● The task
Print the listing below again, exactly. Skip the pictures.

● Supplied material
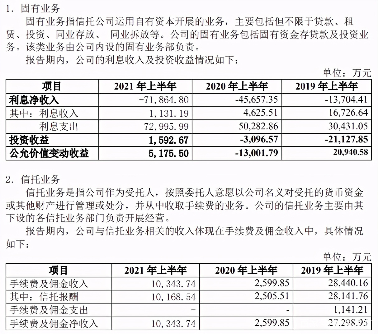 此外,截至今年上半年末该公司主营业务仍处于亏损状态。根据半年报数据显示,今年上半年固有业务利息净收入﹣7.19亿元,去年同期为﹣4.57亿元;今年上半年信托业务手续费及佣金净收入1.03亿元,去年同期0.26亿元。记者致函问询这些变化的原因,截至出稿,未能收到对方回复。
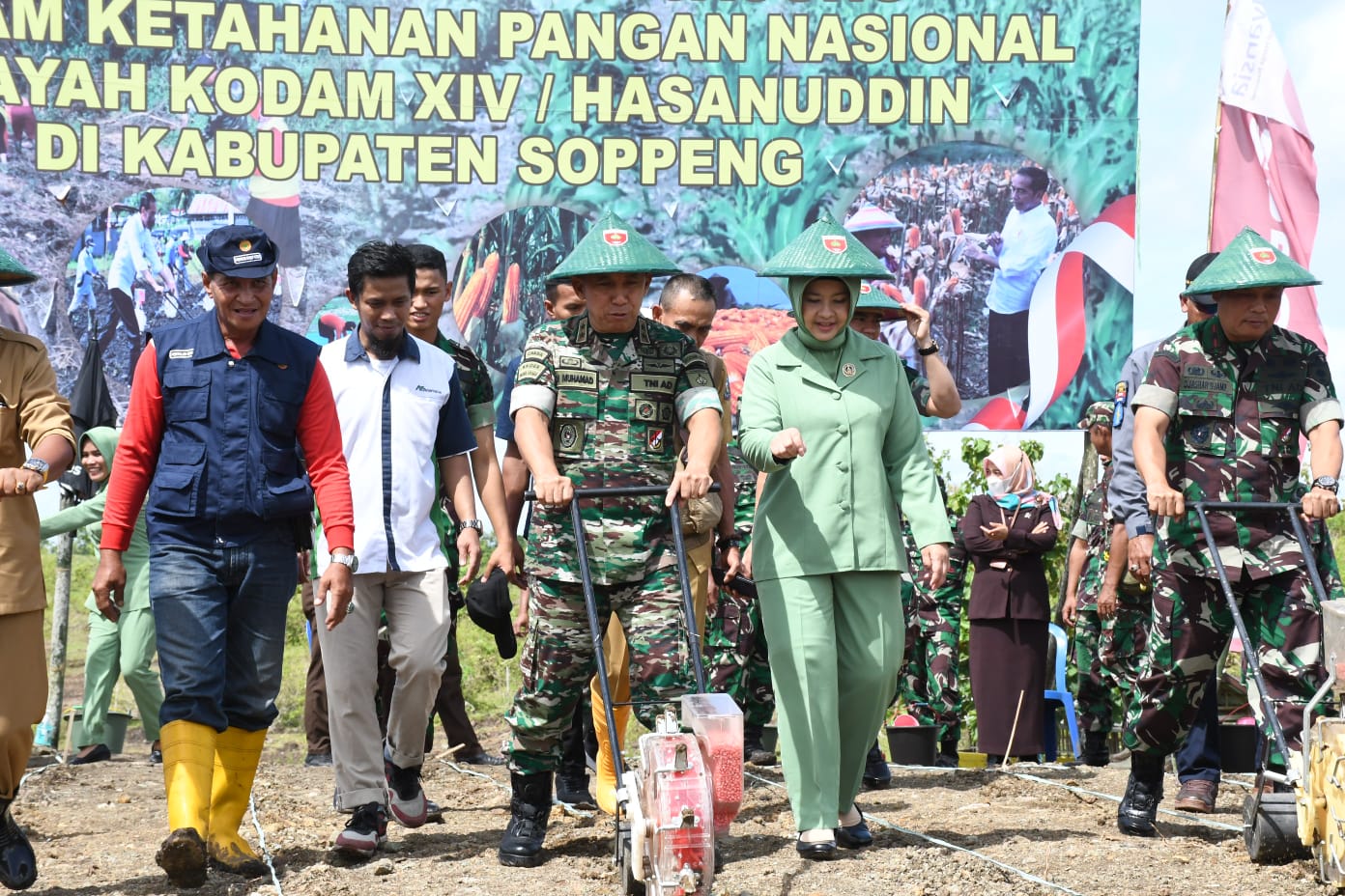 “Terkait dengan penanaman jagung di daerah ini, maka Kodam XIV/ Hasanuddin melalui jajaran Komando Kewilayahan yang ada di daerah merasa terpanggil untuk melakukan kegiatan ini, sebagai wujud dukungan TNI AD terhadap program pemerintah dalam meningkatkan ketersediaan pangan khususnya di Kabupaten Soppeng sebagai daerah yang sangat produktif untuk bercocok tanam khususnya jagung,” Lanjutnya.
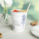 Tazas florales elegantes de color azul polvoriento con calas, rosas y un acento de lazo de cinta. Ideal para bebidas en duchas de novia, bodas y celebraciones de compromiso. Parte de la colección Lazo de cinta azul polvoriento Calla Lily.
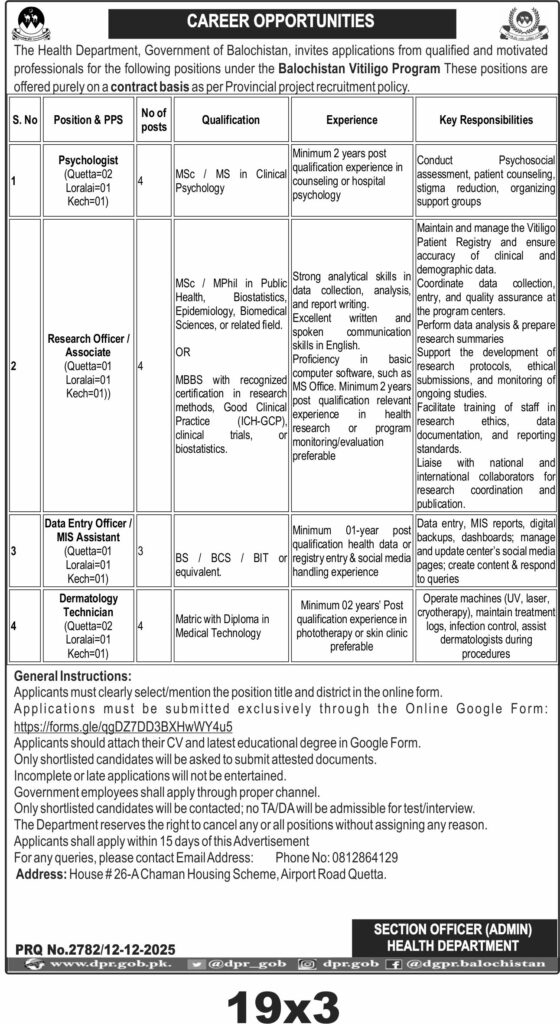 The Health Department of Balochistan invites applications for contract positions including Psychologist, Research Officer, Data Entry Officer, and Dermatology Technician in Quetta. These roles support the Balochistan Vitiligo Program and involve specialized medical and research services.

● Output
 此外,截至今年上半年末该公司主营业务仍处于亏损状态。根据半年报数据显示,今年上半年固有业务利息净收入﹣7.19亿元,去年同期为﹣4.57亿元;今年上半年信托业务手续费及佣金净收入1.03亿元,去年同期0.26亿元。记者致函问询这些变化的原因,截至出稿,未能收到对方回复。
 “Terkait dengan penanaman jagung di daerah ini, maka Kodam XIV/ Hasanuddin melalui jajaran Komando Kewilayahan yang ada di daerah merasa terpanggil untuk melakukan kegiatan ini, sebagai wujud dukungan TNI AD terhadap program pemerintah dalam meningkatkan ketersediaan pangan khususnya di Kabupaten Soppeng sebagai daerah yang sangat produktif untuk bercocok tanam khususnya jagung,” Lanjutnya.
 Tazas florales elegantes de color azul polvoriento con calas, rosas y un acento de lazo de cinta. Ideal para bebidas en duchas de novia, bodas y celebraciones de compromiso. Parte de la colección Lazo de cinta azul polvoriento Calla Lily.
 The Health Department of Balochistan invites applications for contract positions including Psychologist, Research Officer, Data Entry Officer, and Dermatology Technician in Quetta. These roles support the Balochistan Vitiligo Program and involve specialized medical and research services.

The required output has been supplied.